Out of curiosity, does this monitor use an external power supply?  If so, what sort of shape is that in?  Are either of the cables frayed, or does it seem warmer than it should be (or even hot to the touch)?

 

Regards,

 

Aryeh Goretsky

 

Yes it is a external brick and it seems OK the cable is fine.

8 hours ago, DevTech said:

You are being too specific - monitors just don't glitch out that way so there is something very weird about the design of that model of monitor... Sure you don't have the same diagonal tears in the video, but you have a weird horizontal bar that is also just as strange...

 

It could also be an issue with your video card so if you can use onboard video for a while, that's another useful test.

 

One hypothesis that I considered to explain the overall weirdness is that the monitor is only pretending to be a 4K monitor and in order to be so cheap, they used a 2K panel (or 2.5K etc.) which accepts a 4K signal and pretends to be a 4K monitor and then scales the video to the native resolution of the internal panel.
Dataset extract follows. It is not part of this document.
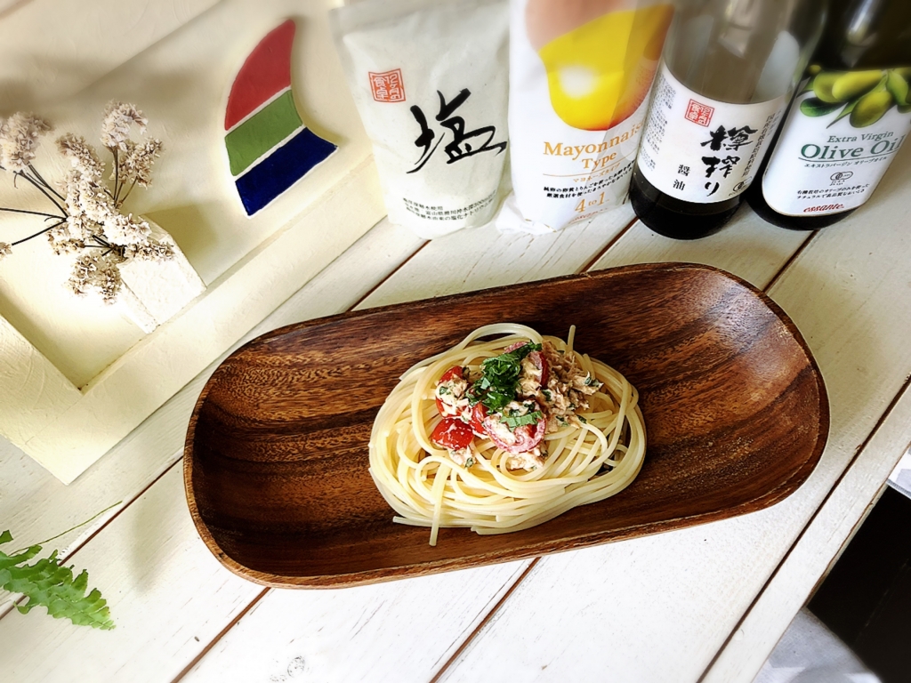 JUGEMテーマ:毎日の簡単1品 こんにちは〜♪ 今日は〜大葉香るトマトとツナの混ぜるだけ冷製パスタ♪ [ PR ] それでは材料です〜♪ パスタ・・・320g ミニトマト・・・15個 ツナ缶・・・1缶 擂り下ろしにんにく・・・1片 大葉・・・適量 ★エサンテマヨネーズタイプ・・・大さじ2 ★12ヶ月の食卓樽搾り醤油・・・大さじ1と1/2 ★エサンテオーガニックエキスト...

The firmware doing that might easily make weird glitches... It just popped into my head as an inspiration to fit the facts but measuring pixel size between 4K and 2K at that screen size seems almost impossible which in fact is why such a scheme would actually work...

I do not have onboard video, and the card is ~2 months old, could it be bad, I suppose so, but without any other symptoms I would say most likely not.